A Simple(ish) Definition of Digital Product Design
‘Product Designer’ is a job title that has been growing in popularity over the past few years, but there is a lot of ambiguity around what it actually means. It’s traditionally been used as a way to describe industrial designers, the people who design cars, appliances and other physical objects. However, it’s becoming an increasingly popular way to describe folks like myself who work for software companies and design digital products. We’ve called these people UI, UX or Interaction Designers for a long time now so why the name change? Is there a real reason behind it or is it just another Silicon Valley buzzword that will eventually fade into obscurity?
There is a real reason and it’s actually a reflection of a much larger trend in the industry. Technology companies are starting to embrace a more holistic approach to design. As technology becomes more advanced and accessible companies are shifting away from the model of endlessly adding features and starting to focus on delivering simple and pleasant experiences that solve real problems. Design thinking and the ability to connect with the end user of a product are becoming an increasingly significant competitive advantage for technology companies. That means that design is becoming more deeply integrated into the product development process and the role of a modern designer is starting to evolve.
While the evolution is exciting, as a designer it can be difficult to know exactly what your role is and even more difficult to describe that role to someone else. For the longest time I struggled to come up with a simple description of Digital Product Design that really resonated with people.
That changed when I started at Tech-Mantra. I came on board as the first Product Designer and I was asked to give a “What is Product Design?” presentation for some of the managers and engineers. It’s pretty much the most fundamental question you can be asked as an employee, “what do you do here?” and I was worried that I wouldn’t be able to give a compelling answer. So fueled by some healthy panic I came up with a way of describing things that really clicked with people, and actually helped influence the way I think about my own job.

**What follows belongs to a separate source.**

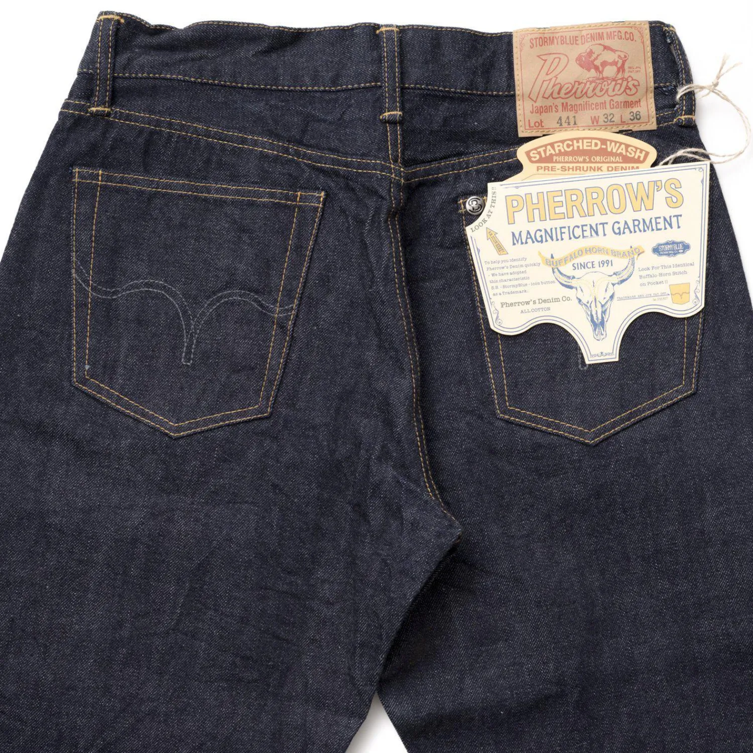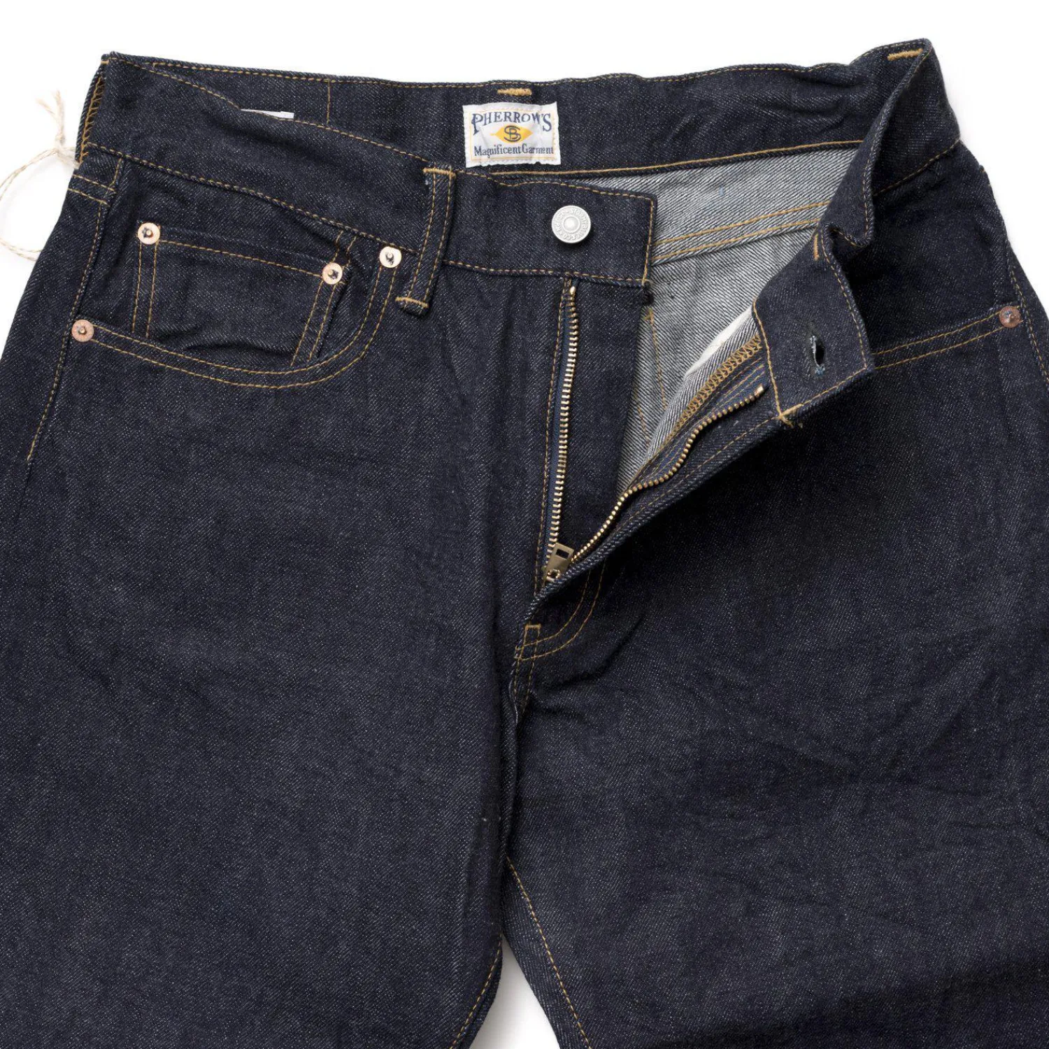 Made with Pherrow’s 13.5oz yellow listed selvedge denim, they have been put through a one wash treatment to remove shrinkage, before a starching process is reapplied to make them feel and age like raw denim.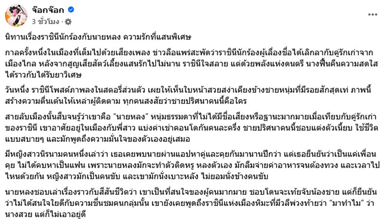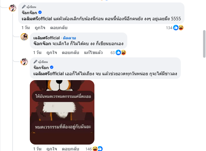 เป็นเรื่องอีกแล้วสำหรับ “มิกซ์ เฉลิมศรี” ที่เพิ่งเปิดตัวหนุ่มคนใหม่ไปได้ไม่นานก็มีประเด็นเมื่อเพจจ๊อกจ๊อก ได้โพสต์ถึงนิทานเรื่องราชินีนักร้องกับนายหลง ความรักที่แสนพิเศษไป “มิกซ์” ก็ได้เข้ามาคอมเมนต์ว่า “ราชินี ต้องมี ผัว อายุ สามเดือนปะ จะได้ไม่ต้องมี สตอรี่ ผ่าน อีสาวที่ไหนมาก่อน รอบนี้ หลงขับ นะ เขาไม่ขับให้เพราะไรอะ งง” ทางด้านเพจจ๊อกจ็อกก็ได้มาตอบกลับว่า “แต่ผัวต้องเลิกกับน้องนีก่อน ตอนนี้น้องนีอีกคนยัง งงๆ อยู่เลยมึง 5555”

I described to the group that the real purpose of designers is to enable people take advantage of very complex technology without forcing them to understand how it actually works.* What designers really create is an abstraction, a mental shortcut built on concepts with which the user is already familiar. In most cases this abstraction will be very different from the way that technology is implemented under the hood, it will be simplified and more in line with how the end user sees the world.
Even though the space is evolving rapidly there is always going to be a need for creative people to shape that layer between the technology and the end user. In fact, that ability to humanize technology is going to become even more critical as the technology itself becomes more more powerful, connected, and more ubiquitous. That’s because the more possible ways there are to solve a problem, the harder it is to choose the right one. However, even as this evolution happens there are two key principles will always be crucial in creating a well-designed product:
Understand your user
Who are they?
This may sound obvious, but you need to know who your users are to effectively design for them. Define the group of people for whom you are designing early and avoid falling into the trap of designing a solution that does everything for everybody.
What are they trying to accomplish?
Validate that you are building something that people actually want as early as possible because it doesn’t matter how good your solution is if you’re solving the wrong problem. That doesn’t mean asking a bunch of potential users “what do you want?”, although it would be great if it were that easy. In reality, you need to have long conversations with people and really listen to them, put yourself in their shoes and try to infer what their core problem is based on everything that they tell you.
What do they already know?
An intuitive design is one that leverages what your users already know. Designers identify paradigms with which users are already familiar and build on them. Every unfamiliar concept you introduce in a design should be carefully considered as it will place a significant cognitive burden on them. For example, some of the early projects I worked on at Airware were very technical tools for a very technical audience: software that assisted aerospace engineers in assembling UAVs. After some trial and error I figured out that the most successful designs were ones that borrowed and repurposed concepts and terminology from other forms of aviation. We ended up with a product that was a hit with the engineers but if my audience was my pretty much anyone but that group it would have been a terribly unsuccessful design. I would have been explaining complex unfamiliar concepts to describe other complex and unfamiliar concepts.
Understand the technology
You can’t effectively simplify something if you don’t understand how it works. It’s not necessary for designers to be writing production-ready code, but you do need to have a high-level understanding of how all of the technical pieces work together in order to ensure that your vision is fully realized.
It’s also important to understand the limitations of the technology that you are working with. When starting a new project designers should strive to generate as many ideas as possible while taking care not to not stifle their creativity by obsessing over what’s technically feasible and what isn’t. However, beyond the early ideation phase a designer’s ability to understand and embrace the constraints of the technology with which they’re working is crucial. At the end of the day you need to ship a product and that means working around technical challenges that will inevitably arise during the development phase. The more the designer understands the technology, the more likely the are will be to help come up with fixes for these technical problems that will not impact the end user.
Although some of these concepts may seem very basic, I’ve seen no less than 10 “What is Product Design?” type of articles pass through my various news feeds over the past year which leads me to believe that there is a real definition problem. It’s a topic that I’ve spent a lot of my time thinking about and in doing so I gained a deeper understanding of what I do everyday. So I felt compelled to submit my view on the matter in the hopes that it might help some people do the same.